::: Records for this task :::

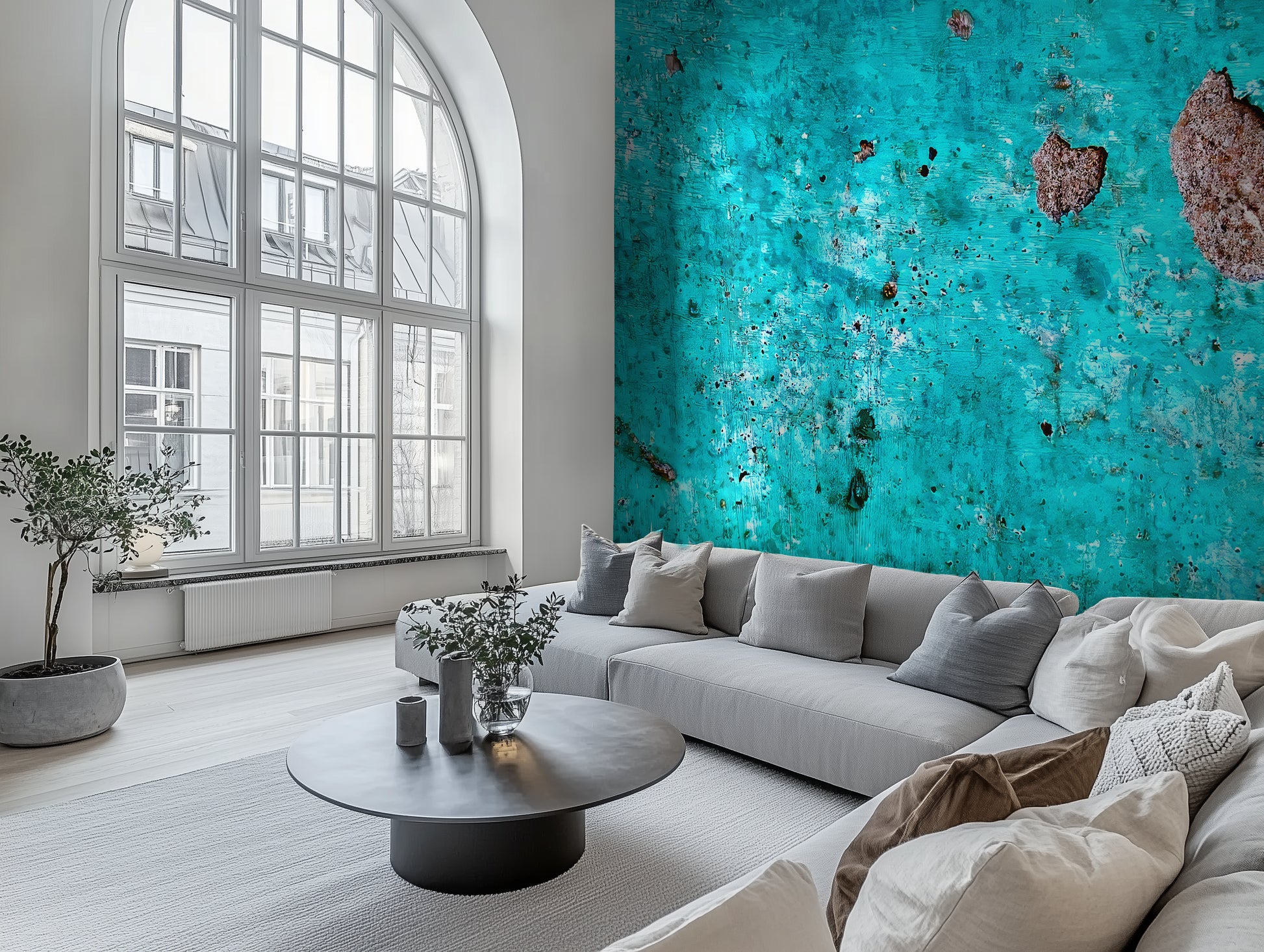 Turquoise metal breaks and peels, revealing rusted copper underneath—like decay in full bloom. Corrosion Bloom is graphic, painterly, and surprisingly vibrant. A wall mural for those who find beauty in breakdown.
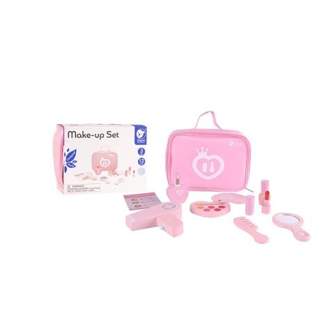 S touto dřevěnou make-up sadou máte vždy vše po ruce, abyste byla krásná. Věci snadno přenesete ve veselé růžové taštičce. Kosmetická taštička s doplňky pro líčení je ideální hračkou pro malou princeznu. Tato sada pomáhá podporovat rozvoj dětské představivosti a také rozvíjí jemnou motoriku.
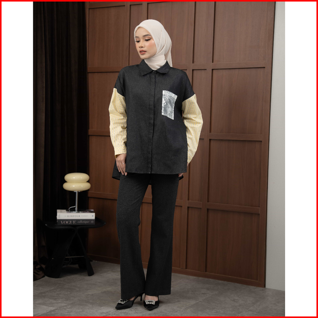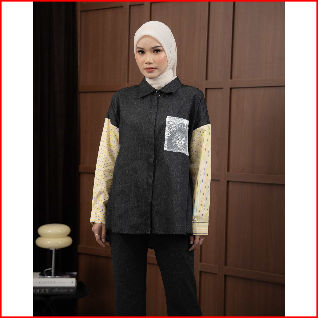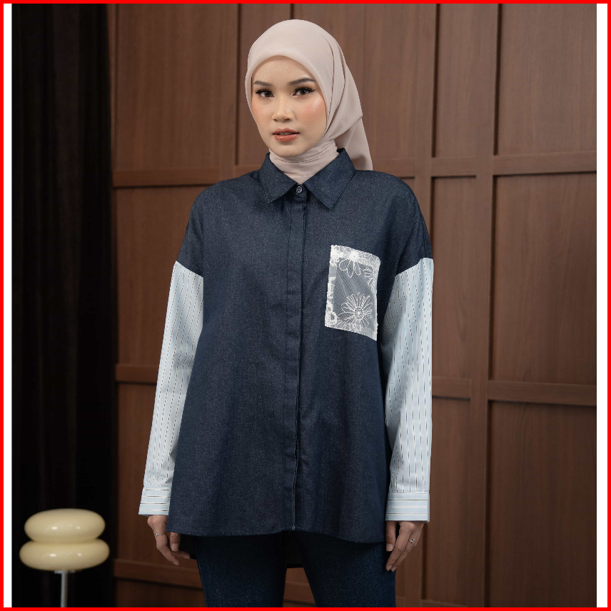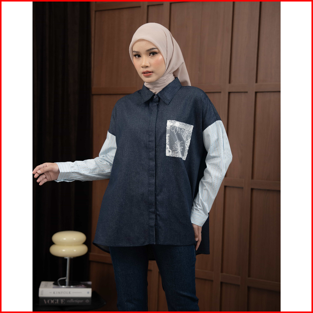 Mayoutfit Elaxy Shirt Kemeja Oversized Denim Wanita Kombi Katun Stripe Aksen Saku Bordir Renda
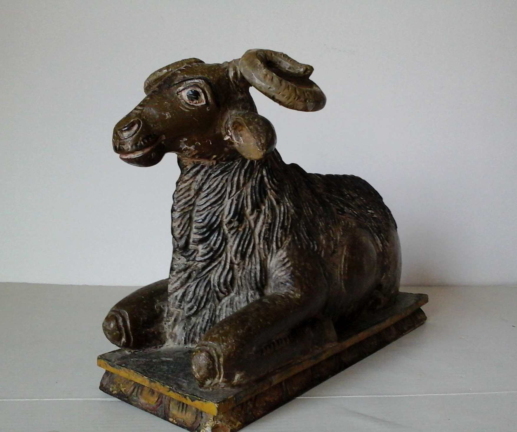 SCULTURA ORIENTALE ZOOMORFA IN LEGNO POLICROMO CM.40X15 H.CM.30
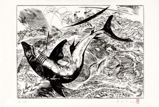 1961年創作的版畫《春潮》是黃永玉的另一力作,從中可見其獨特的線條張力與精神內涵。畫面中,一隻巨大的鯊魚躍出海面,等待它的卻是漁民拋出的長矛。在鯊魚身下,是洶湧激蕩的海潮以及其他大大小小的魚兒。畫面動感奔涌、生機勃勃,在危險與多變的氣息中洋溢着一股生命的力量。
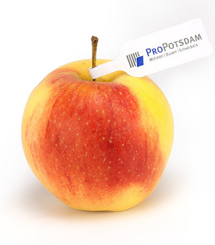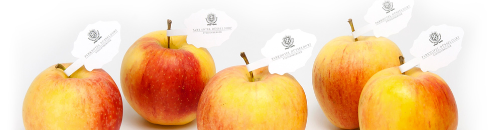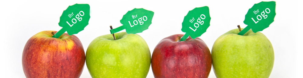 Mit Stielfahnen oder Logofahne veredelte Äpfel und Birnen bleiben in Erinnerung. Auch damit werben Sie mit Geschmack.
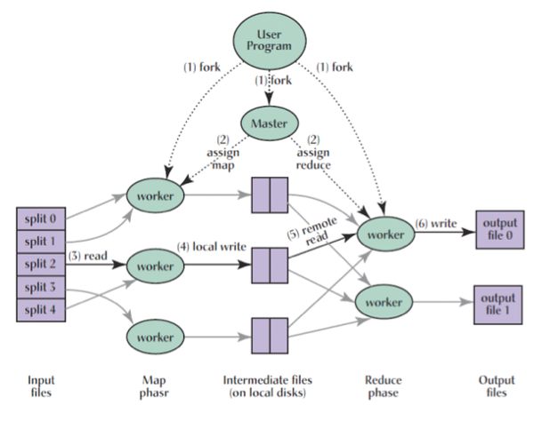 下图展示了map-reduce方法的实现流程。存储在HDFS的数据被分给一个可行的工作者和一个表达值类型,并将结果存放在本来磁盘。数据服从减少过程,并生成一个结果文件。
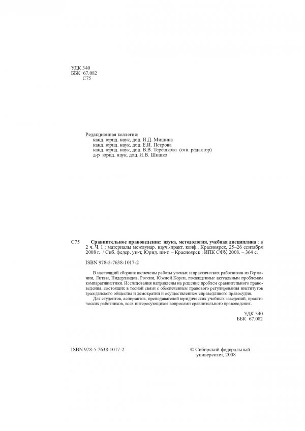 Библиографическое описание:Сравнительное правоведение: наука, методология, учебная дисциплина = Comparative Law: Science, Methodology and Academic Discipline : материалы международной научно-практической конференции. Красноярск, 25-26 сентября 2008 г. : в 2 частях / Сибирский федеральный университет [СФУ]. Юридический институт [ЮИ]; отв. ред. В. В. Терешкова. - Красноярск : ИПК СФУ, 2008 - . - Текст : непосредственный. + Текст : электронный. Часть 1. - 2008. - 363 с. - ISBN 978-5-7638-1017-2 Режим доступа: читальные залы НБ СФУ
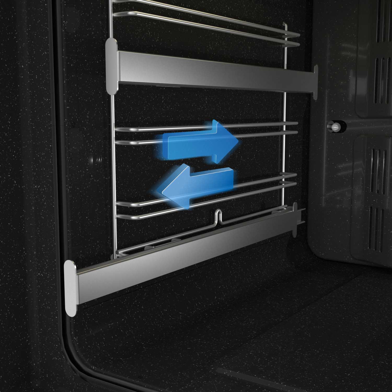 فر V550TG دارای ۴ عدد ریل تلسکوپی است که بیرون آوردن و جابهجایی سینیها را بسیار راحت و ایمن میسازد. این ریلها باعث میشوند حتی ظروف سنگین نیز بدون زحمت و خطر از داخل فر خارج شوند. همچنین وجود ۲ عدد سینی عمیق و کمعمق به شما امکان میدهد تا همزمان انواع غذاها را بپزید و آشپزی خود را سرعت ببخشید.

:::

▶ **Exercise aim**:
An unaltered copy of the material, without images, should be set down.

▶ **Exercise solution**:
 Turquoise metal breaks and peels, revealing rusted copper underneath—like decay in full bloom. Corrosion Bloom is graphic, painterly, and surprisingly vibrant. A wall mural for those who find beauty in breakdown.
 S touto dřevěnou make-up sadou máte vždy vše po ruce, abyste byla krásná. Věci snadno přenesete ve veselé růžové taštičce. Kosmetická taštička s doplňky pro líčení je ideální hračkou pro malou princeznu. Tato sada pomáhá podporovat rozvoj dětské představivosti a také rozvíjí jemnou motoriku.
 Mayoutfit Elaxy Shirt Kemeja Oversized Denim Wanita Kombi Katun Stripe Aksen Saku Bordir Renda
 SCULTURA ORIENTALE ZOOMORFA IN LEGNO POLICROMO CM.40X15 H.CM.30
 1961年創作的版畫《春潮》是黃永玉的另一力作,從中可見其獨特的線條張力與精神內涵。畫面中,一隻巨大的鯊魚躍出海面,等待它的卻是漁民拋出的長矛。在鯊魚身下,是洶湧激蕩的海潮以及其他大大小小的魚兒。畫面動感奔涌、生機勃勃,在危險與多變的氣息中洋溢着一股生命的力量。
 Mit Stielfahnen oder Logofahne veredelte Äpfel und Birnen bleiben in Erinnerung. Auch damit werben Sie mit Geschmack.
 下图展示了map-reduce方法的实现流程。存储在HDFS的数据被分给一个可行的工作者和一个表达值类型,并将结果存放在本来磁盘。数据服从减少过程,并生成一个结果文件。
 Библиографическое описание:Сравнительное правоведение: наука, методология, учебная дисциплина = Comparative Law: Science, Methodology and Academic Discipline : материалы международной научно-практической конференции. Красноярск, 25-26 сентября 2008 г. : в 2 частях / Сибирский федеральный университет [СФУ]. Юридический институт [ЮИ]; отв. ред. В. В. Терешкова. - Красноярск : ИПК СФУ, 2008 - . - Текст : непосредственный. + Текст : электронный. Часть 1. - 2008. - 363 с. - ISBN 978-5-7638-1017-2 Режим доступа: читальные залы НБ СФУ
 فر V550TG دارای ۴ عدد ریل تلسکوپی است که بیرون آوردن و جابهجایی سینیها را بسیار راحت و ایمن میسازد. این ریلها باعث میشوند حتی ظروف سنگین نیز بدون زحمت و خطر از داخل فر خارج شوند. همچنین وجود ۲ عدد سینی عمیق و کمعمق به شما امکان میدهد تا همزمان انواع غذاها را بپزید و آشپزی خود را سرعت ببخشید.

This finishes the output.